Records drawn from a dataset
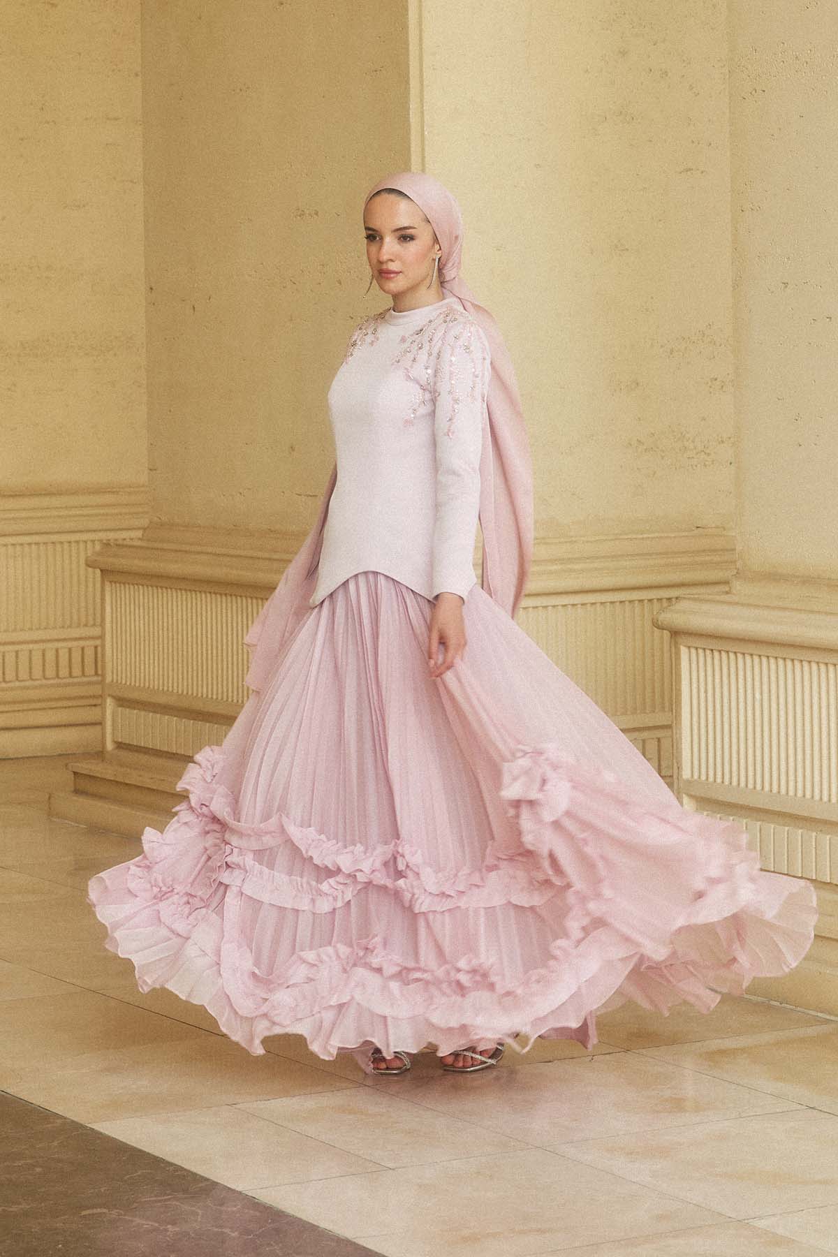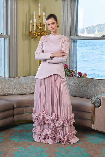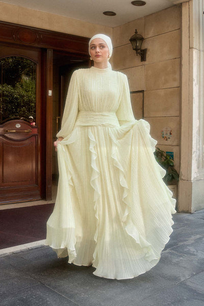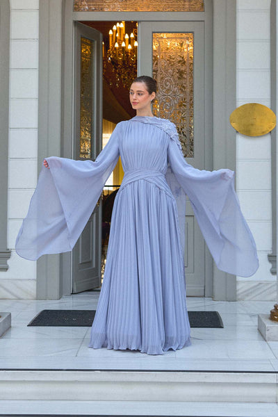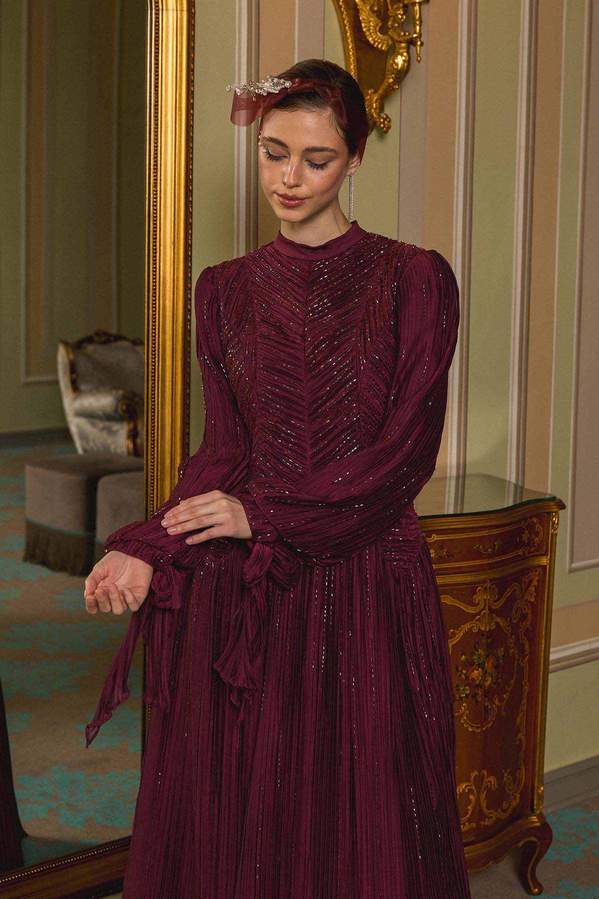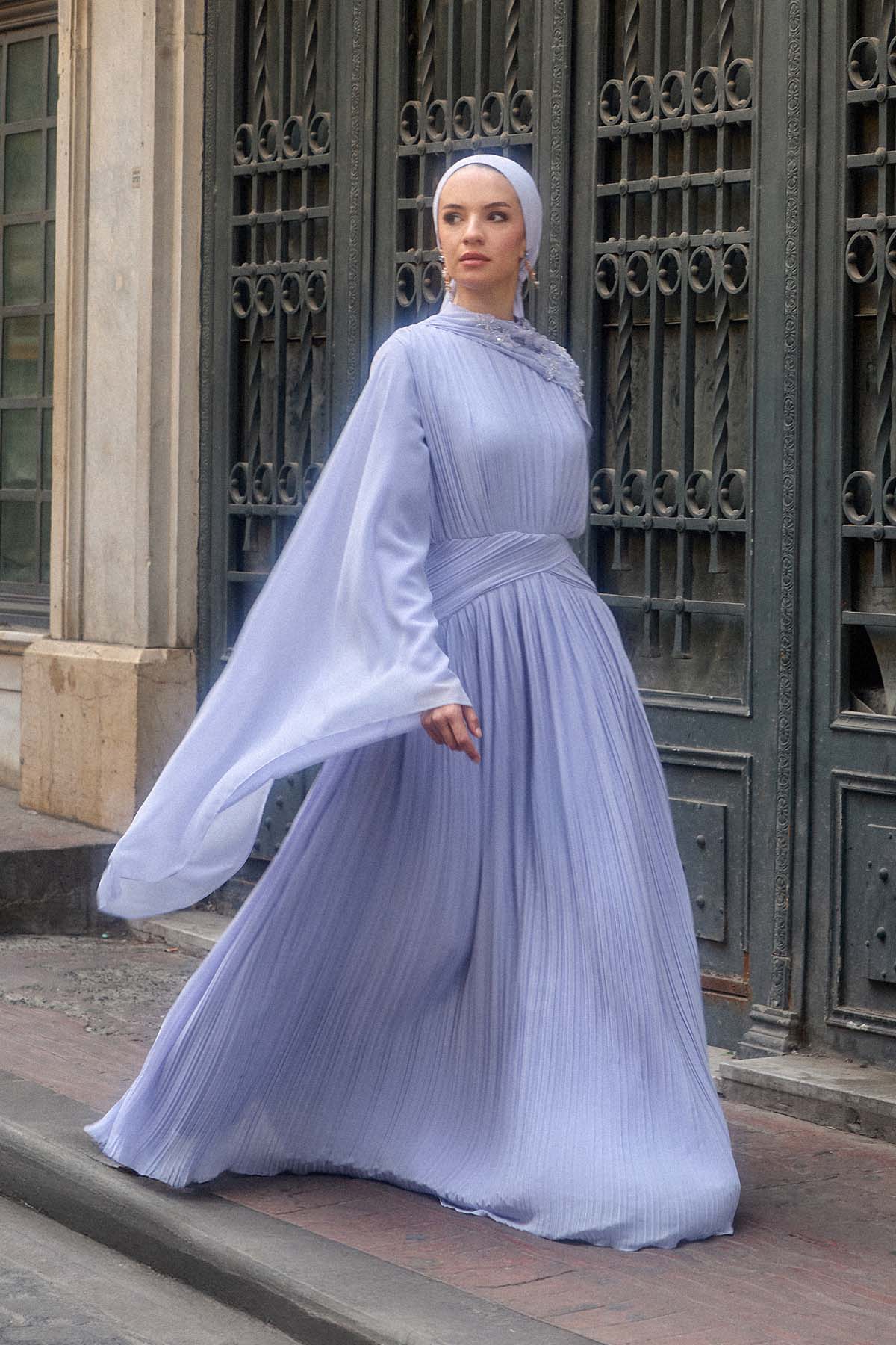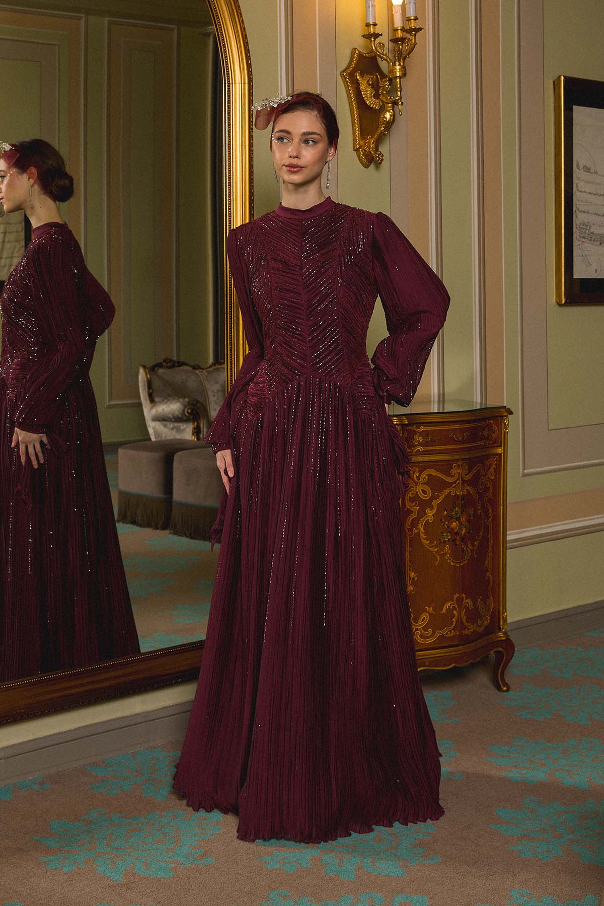 Ürün ortalama 150 cm. Ürünün arkası fermuarlıdır, astarlıdır. Şifon kumaşa pilise işlem uygulanmıştır. İşleme detayları el işçiliği ile tamamlanmıştır.
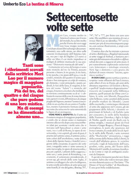 | Un cognome sintetico, evocativo, "Eco", per una delle figure, fra le più grandi, affacciatesi dal '900 sulla soglia del 3^ millennio. Semiologo, filosofo, giornalista (La bustina di minerva sull'Espresso), scrittore prolifico fra i più arguti e raffinati. Autore, fra l'altro, del libro italiano più venduto nel mondo "Il nome della rosa", presente in tutte le biblioteche private d'Italia, fatta salva qualche rara eccezione e dal quale libro è stato tratto uno dei più bei film di sempre, che senza tema di smentita è da considerarsi un capolavoro assoluto. Un "giallo storico" ambientato nel passato, con sullo sfondo la Santa Inquisizione, che ha tenuto col fiato sospeso lettori e spettatori e col quale il genio di Eco, narrando gli "anni bui" del Medioevo è riuscito ad illuminare i giorni nostri che in quanto ad oscurantismo culturale non hanno nulla da invidiare ai secoli andati. Grazie Umberto per l'eredità che lasci, da ieri il tuo sorriso non è più fra noi, ma ci consola la consapevolezza che il tuo cammino attraverso il futuro non finirà mai! |
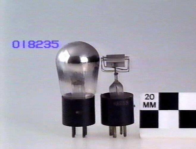 Conical glass bulb with American style 4 pin (UX) base mounted on display block with a similar valve showing the internal elements with bulb removed; showing a horizontal structure.
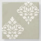 Scroll und Blattdämpfe wiederholen das Design in weißem Detail auf einem grünen Hintergrund.
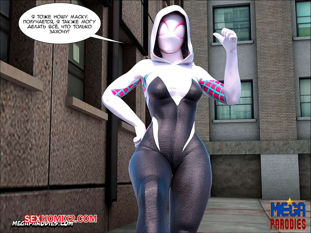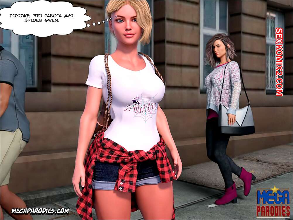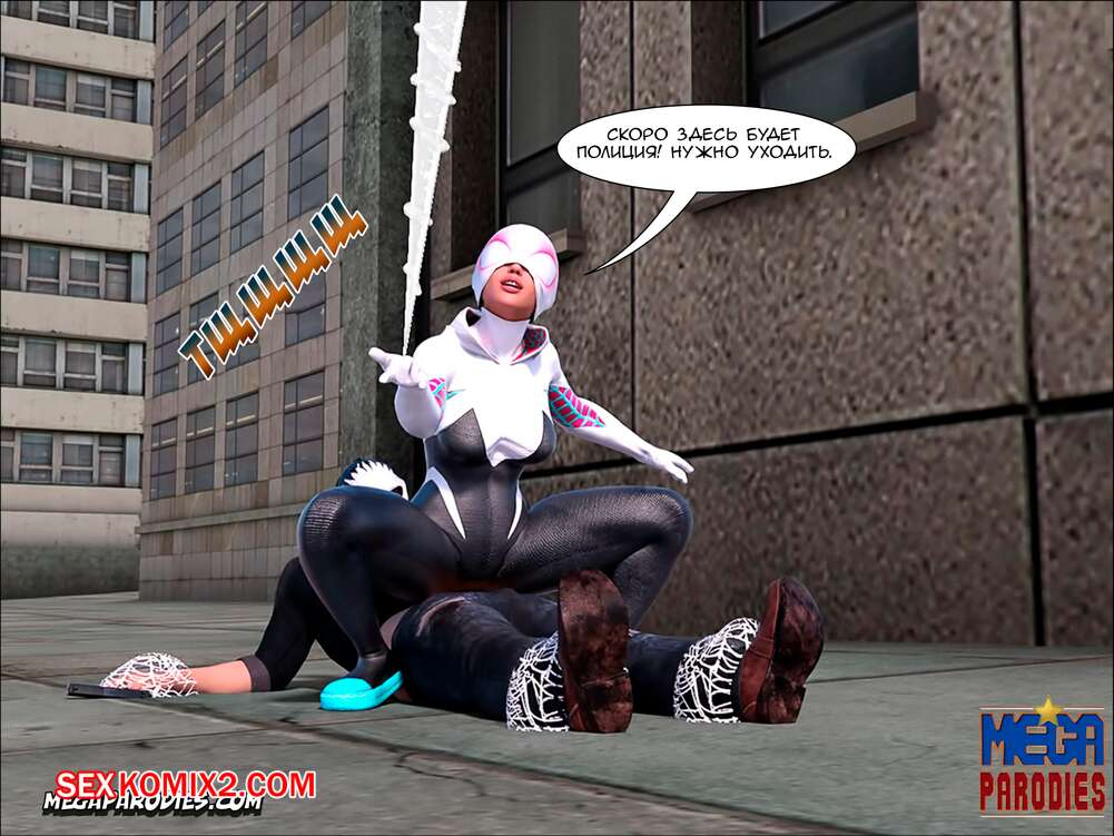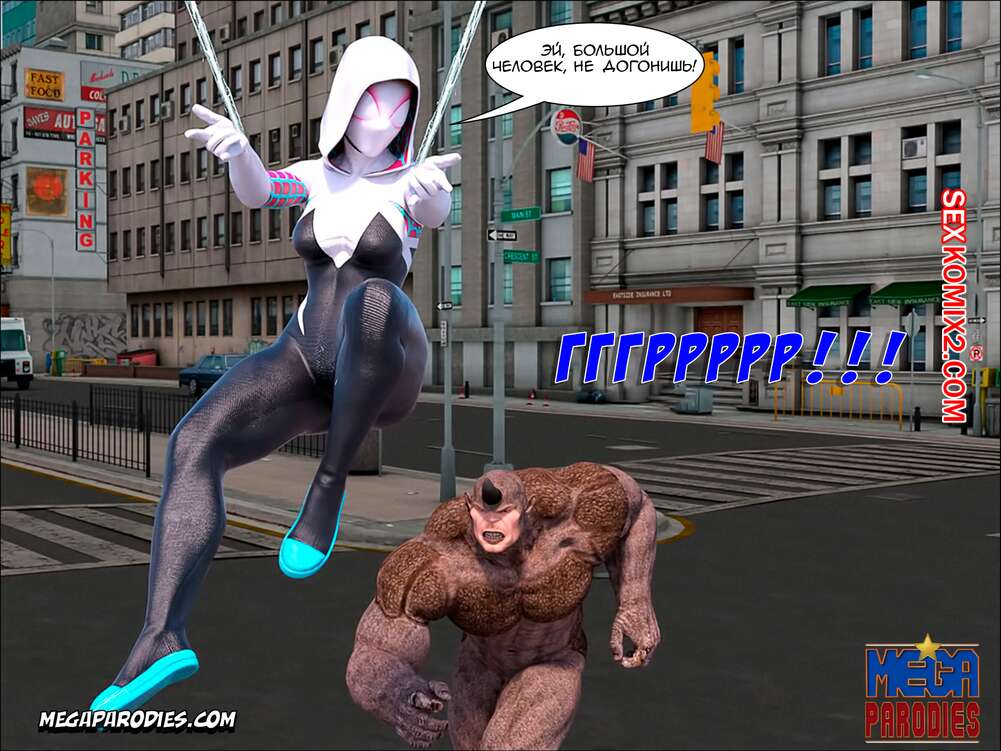 Порно комикс СпайдерГвен против Носорога. SpiderGwen X Rhino. MegaParodies Горячая сисястая блондинка супергероиня боролась с Носорогом с большим хуем в центре города. Красотка обожает ебаться, поэтому решила не терять такой прекрасной возможности потрахаться.

▶ PROBLEM TO WORK ON
Print exactly the line containing "Conical glass bulb" and every line after it through the final line above, and leave all pictures out.

▶ YOUR SOLUTION
 Conical glass bulb with American style 4 pin (UX) base mounted on display block with a similar valve showing the internal elements with bulb removed; showing a horizontal structure.
 Scroll und Blattdämpfe wiederholen das Design in weißem Detail auf einem grünen Hintergrund.
 Порно комикс СпайдерГвен против Носорога. SpiderGwen X Rhino. MegaParodies Горячая сисястая блондинка супергероиня боролась с Носорогом с большим хуем в центре города. Красотка обожает ебаться, поэтому решила не терять такой прекрасной возможности потрахаться.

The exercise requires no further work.